El valor de la felicidad

**El precio de la felicidad**

Hoy he estado tumbado en el sofá, con los ojos cerrados, escuchando los sonidos de la casa y de la calle. A través del doble acristalamiento llegaban los cláxones amortiguados, las sirenas de policía o ambulancia. En el piso de al lado discutían, en algún lugar sonaba un teléfono, una puerta se cerró de golpe…

Antes me encantaba hacer esto: tumbarme y adivinar en qué piso ponían la tele, en cuál se peleaban, en qué planta se detendría el ascensor…

—¿Otra vez soñando despierto? ¿Has hecho los deberes?

Juraría que no fue mi imaginación. Escuché la voz de mamá, lejana pero viva. Me estremecí y abrí los ojos. La habitación estaba vacía, la puerta del recibidor abierta. Y si en ese momento, desde la oscuridad, hubiera aparecido mamá, no me habría sorprendido, me habría alegrado. Pero mamá ya nunca volverá a entrar en esta habitación. Murió hace una semana. Y su voz era solo un eco fantasma.

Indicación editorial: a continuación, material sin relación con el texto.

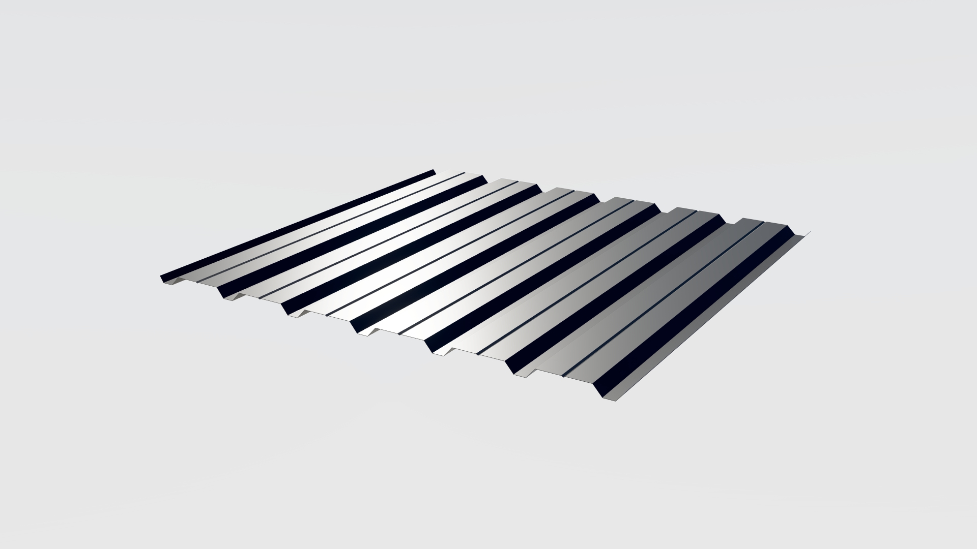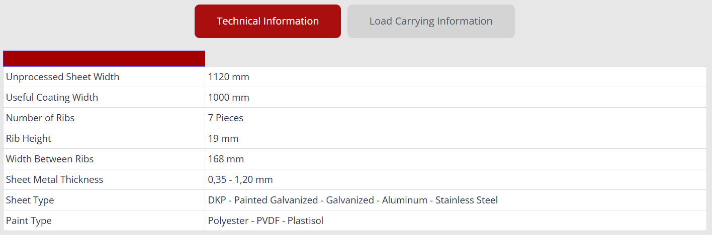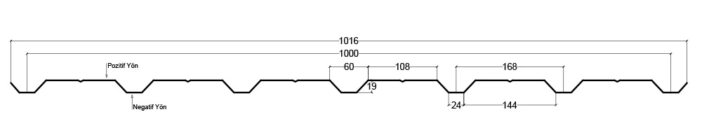 19/168-1000 corrugated sheet form; has 7 ribs with 19 mm height, 168 mm rib distance and 1000 mm cover width. It can be produced from the materials Carbon Steel, Prepainted Galvanized Steel (PPGI), Galvanized Steel (GI), Stainless Steel (St.S) and Aluminium; and generally preferred for facade cladding due to the high number of ribs and low rib height as well as preferred for roofing sublayer where purlin spacing is low.

Me incorporé y apoyé los pies en el suelo, sintiendo la suave textura de la alfombra bajo las plantas. *«Me volveré loco si me quedo aquí. Debí haber comprado el billete de vuelta para el día después del funeral, como mucho para el segundo»*, pensé. Apoyé los codos en las rodillas y, agarrándome la cabeza, comencé a balancearme.

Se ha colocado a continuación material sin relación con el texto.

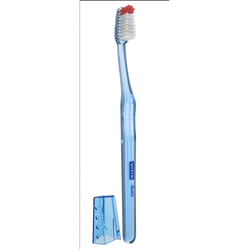 Vitis Duro Cepillo Dental es un cepillo de uso diario diseñado para la higiene bucal diaria en adultos con encías sanas y sin alteraciones dentales o gingivales importantes. Cuenta con un cabezal normal de forma diamantada que permite llegar a las zonas de difícil acceso de la boca, y filamentos duros con perfil ondulado que siguen el contorno de las encías y facilitan el acceso a los espacios interproximales para una limpieza eficaz y profunda. Su cuello maleable y su mango anatómico antideslizante proporcionan comodidad y precisión en el cepillado, favoreciendo una higiene bucal completa.

El repentino timbre del teléfono me sobresaltó. El codo resbaló de mi rodilla y la cabeza se me fue hacia adelante. Me levanté y cogí el móvil de la mesa sin mirar la pantalla. Mi vista se clavó en un papel que había sobre la mesa: *«Hijo mío, mi vida…»*

—Daniel, soy tía Carmen. ¿Cómo estás? Qué duro, ¿no? ¿Tan solo allí? ¿Seguro que no quieres venir a mi casa?

—No, estoy bien.

Dejé el teléfono, doblé la carta y la guardé en el cajón de la estantería. No podía seguir solo. Ya hasta las voces me perseguían. Volví a coger el teléfono, abrí la lista de contactos y pasé los dedos por la pantalla. *«Miguel, mi amigo de la universidad. ¡Él es quien necesito ahora!*

—¡Miguel, hola! —dije al escuchar su voz al otro lado.

—¡Hola! ¿Quién…?

—¿No me reconoces? Qué rápido olvidas a los viejos amigos. No me lo esperaba de ti.

—Espera… ¿Daniel? ¡¿Has vuelto?! —gritó emocionado.

—Sí, he vuelto, pero veo que ni me esperabas ni te acordabas de mí —respondí ofendido.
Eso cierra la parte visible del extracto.